We are looking at one piece of data among dozens that were sent to and from this site. Many of the 10 ‘malicious’ data streams that Ghostery blocked have multiple pieces of data that they blocked. Each, of these has a bevy of information within it. Because there is so much variation in the traffic you send on the internet. We are going to explore how to search for a specific value within a packet so that you can explore more on your own. For this example I am going to pick a well documented one that has a good amount of history, and is rarely used anymore. We are going to discover what this value is and how it works. Down under Response Headers there is a value called P3P. The next 900ish words of this article are only exploring this one line. This is why simple explorations of internet traffic are so hard to come by. Looking at P3P there are two sets of values: policyref and CP. I can identify the names by the fact that they use an equal sign to say that the value is equal to the text that follows. I can tell there are two separate values because they use commas to separate themselves. This is how the chrome network viewer separates these values, so it should be common across other values you look at.

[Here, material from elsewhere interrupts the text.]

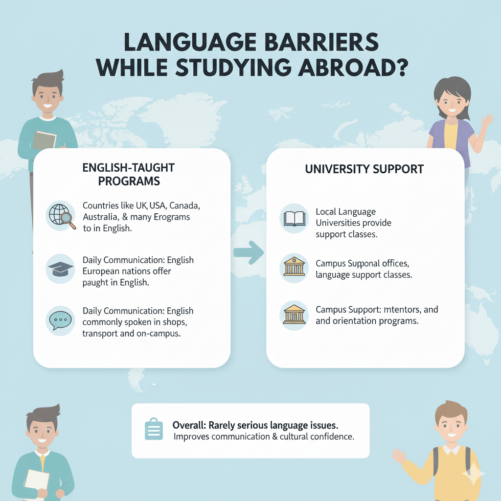 Overall, students rarely face serious language issues abroad, especially in international-friendly cities. Studying abroad also helps improve communication skills and cultural confidence over time.

Identifying each value means is the meat of understanding your network traffic. Search engines have made this process far easier. While I would usually not suggest the use of Google for searching, they currently have the best results for more obscure technical content. Because every piece of data counts when you are tacking it every piece of traffic it is common to use acronyms like P3P to label values. Since an acronym can be used in dozens of fields it is always a good idea to put it in context of networking and the header section. P3P is found in the Response Header section. Searching for Response Header P3P hits the jackpot. I not only get a wikipedia article about P3P, the second link is a concise background from some company selling P3P headers as a service. While I am work in the non-profit tech world there are some beautiful concise explanations of complex technical topics to be had in sales pitches. Using these two pages I can tell that P3P is data is used to show a websites data management practices.

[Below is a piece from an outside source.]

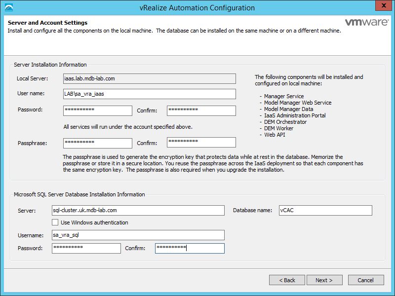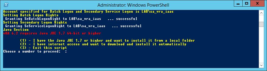Enter “LAB\sa_vra_iaas” (minus quotes) and press enter (substitute accordingly):

To identify the specific values we saw I will go back to our search and tack the name of one of them on to our query “Response Header P3P policyref.” Wow! The first link is a W3C internet-draft and the second is their The Platform for Privacy Preferences 1.0 (P3P1.0) Specification. A brief aside about these types of documents. In your time looking at what your browsers network traffic you are going to come across documents put out by The World Wide Web Consortium (W3C). This is the group of experts who develop the standards for the web. It is these open standards that allow the internet to work even while it is distributed across millions of devices. These standards start as “draft” like our first link, and then become “standard” for the web in a process that makes the UN look efficient.

I am going to use the P3P Specification to find out what the values we found are because that is the final document. I am going to start with the policyref field. One of the great things about these specification documents is that they are usually all on one page. This will let us use (Ctrl-F) to open the word-search tool in Chrome and search for policyref. This search takes me to Section 2.2.2 HTTP Headers. The search also highlights all instances of the work policyref. Looking through the sentences that have a highlighted policyref I see the basic definition. A policyref is a URI which specifies the location of a policy reference file which may reference the P3P policy covering the document that pointed to the reference file, and possibly others as well. Beyond the legalize it sounds like it is a file with the reference to a sites policy document. When I go to the link that was in the policyref field in a new window I get taken to an XML tree that chrome styles into a fold-able list for me. Looking over the content in the document it looks like contact information for the company in case you want to opt-out or have some other dispute with them about this service.

Now that we know what policyref is for I am going to search for the other, more cryptic value we found. I am going to continue to use the W3C P3P specification we found in our search. Searching for CP I first get sent to one instance of the work TCP/IP and then after continuing find myself in section 4.1 Referencing compact policies. Looking downward in the section I saw section 4.2 had a key that contained all of the symbols listed in the CP value from our network traffic. The string we found contained the following values (NOI DSP COR ADM PSAo PSDo OURo SAMo UNRo OTRo BUS COM NAV DEM STA PRE). I found the first value of NOI in section 4.2.1 Compact access. According to that section this value means that compact-access exists for nonident. I have no idea what that means. So, I type Ctrl-f and type in nonident. After clicking through a few different uses of nonident that don’t seem to contain any definition I found section 3.2.5 The Access element. Since we were looking at compact *access** it only makes sense that the full *access section would contain the values I need. Through this I found out that nonident is just shorthand for a website that does not collect identified data. Well, this audienceamplify data is looking better already. I continue searching for the next element in the same way. I find that DSP it is the shorthand for the start of the dispute resolution section. The next item, COR, specifies that I can use their dispute resolution service to remedy wrongful actions and errors. The rest of the values can also be found using the same steps.

I chose a well documented item to explore in this post. Sadly, not every header or piece of data is written about in an open standard. You will encounter vague shorthanded items with seeming gibberish as their values as you explore more network traffic. Searching for these online will open up a world of other internet spelunkers dissecting and explaining these strange glyphs in an attempt to understand their traffic. Monitoring ones own internet traffic is an exercise in deciphering shorthand and distilling intent from it. This act will teach you more about the structure of the internet than you could believe. There are other methods of looking at your internet traffic. Many of them, like wireshark, require you to install applications that will monitor all the data your computer is sending to the world. I hope this short dive into how to explore your browser traffic leads you down a rabbit hole you enjoy. I sure do.